#### RECORD SET

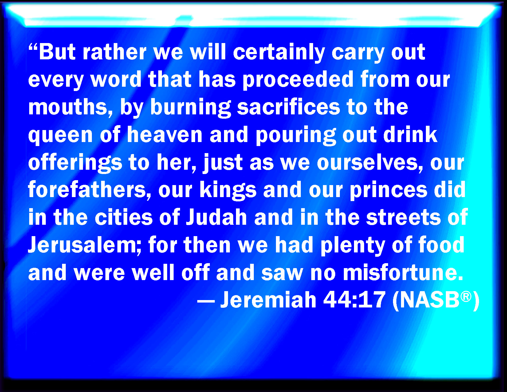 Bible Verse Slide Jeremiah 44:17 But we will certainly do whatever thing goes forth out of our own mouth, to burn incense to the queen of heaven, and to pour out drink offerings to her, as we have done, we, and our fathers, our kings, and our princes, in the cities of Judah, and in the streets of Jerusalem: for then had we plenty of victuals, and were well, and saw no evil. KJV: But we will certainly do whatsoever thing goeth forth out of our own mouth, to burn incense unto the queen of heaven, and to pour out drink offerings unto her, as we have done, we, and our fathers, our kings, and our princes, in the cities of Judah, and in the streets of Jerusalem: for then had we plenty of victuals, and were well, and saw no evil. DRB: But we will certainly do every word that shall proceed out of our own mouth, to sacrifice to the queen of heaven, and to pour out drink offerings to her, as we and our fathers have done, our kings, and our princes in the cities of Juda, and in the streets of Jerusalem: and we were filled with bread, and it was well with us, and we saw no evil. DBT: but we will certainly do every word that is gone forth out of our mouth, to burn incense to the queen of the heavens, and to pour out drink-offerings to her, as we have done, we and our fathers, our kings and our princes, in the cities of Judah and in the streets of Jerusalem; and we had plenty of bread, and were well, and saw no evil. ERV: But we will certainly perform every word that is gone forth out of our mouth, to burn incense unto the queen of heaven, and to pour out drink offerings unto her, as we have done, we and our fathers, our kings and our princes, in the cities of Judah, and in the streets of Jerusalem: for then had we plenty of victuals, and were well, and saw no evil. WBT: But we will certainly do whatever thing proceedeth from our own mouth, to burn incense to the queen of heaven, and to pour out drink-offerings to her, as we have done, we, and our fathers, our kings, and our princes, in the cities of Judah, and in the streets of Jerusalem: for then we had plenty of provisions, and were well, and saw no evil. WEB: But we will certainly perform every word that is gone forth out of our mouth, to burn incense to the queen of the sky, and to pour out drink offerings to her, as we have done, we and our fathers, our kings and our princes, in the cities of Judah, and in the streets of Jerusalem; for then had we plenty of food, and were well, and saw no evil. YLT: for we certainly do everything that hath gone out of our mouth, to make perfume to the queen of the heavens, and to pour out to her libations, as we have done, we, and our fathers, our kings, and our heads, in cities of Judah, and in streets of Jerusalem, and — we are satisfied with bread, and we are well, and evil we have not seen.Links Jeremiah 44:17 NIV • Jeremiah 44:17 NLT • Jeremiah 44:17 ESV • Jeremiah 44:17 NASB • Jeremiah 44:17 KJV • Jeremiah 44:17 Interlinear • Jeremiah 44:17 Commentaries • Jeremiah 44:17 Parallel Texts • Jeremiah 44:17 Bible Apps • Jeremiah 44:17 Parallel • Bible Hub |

########
#### RECORD SET

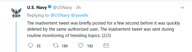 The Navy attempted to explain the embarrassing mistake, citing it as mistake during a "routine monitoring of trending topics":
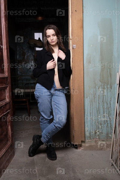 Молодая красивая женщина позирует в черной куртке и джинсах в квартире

########

## TASK DETAILS:
Would you give again, exactly, the lines in the data above that run from the line containing "The Navy attempted" to the line containing "Молодая красивая женщина"? Include both ends and no pictures.

## RESULT OF THIS TASK:
 The Navy attempted to explain the embarrassing mistake, citing it as mistake during a "routine monitoring of trending topics":
 Молодая красивая женщина позирует в черной куртке и джинсах в квартире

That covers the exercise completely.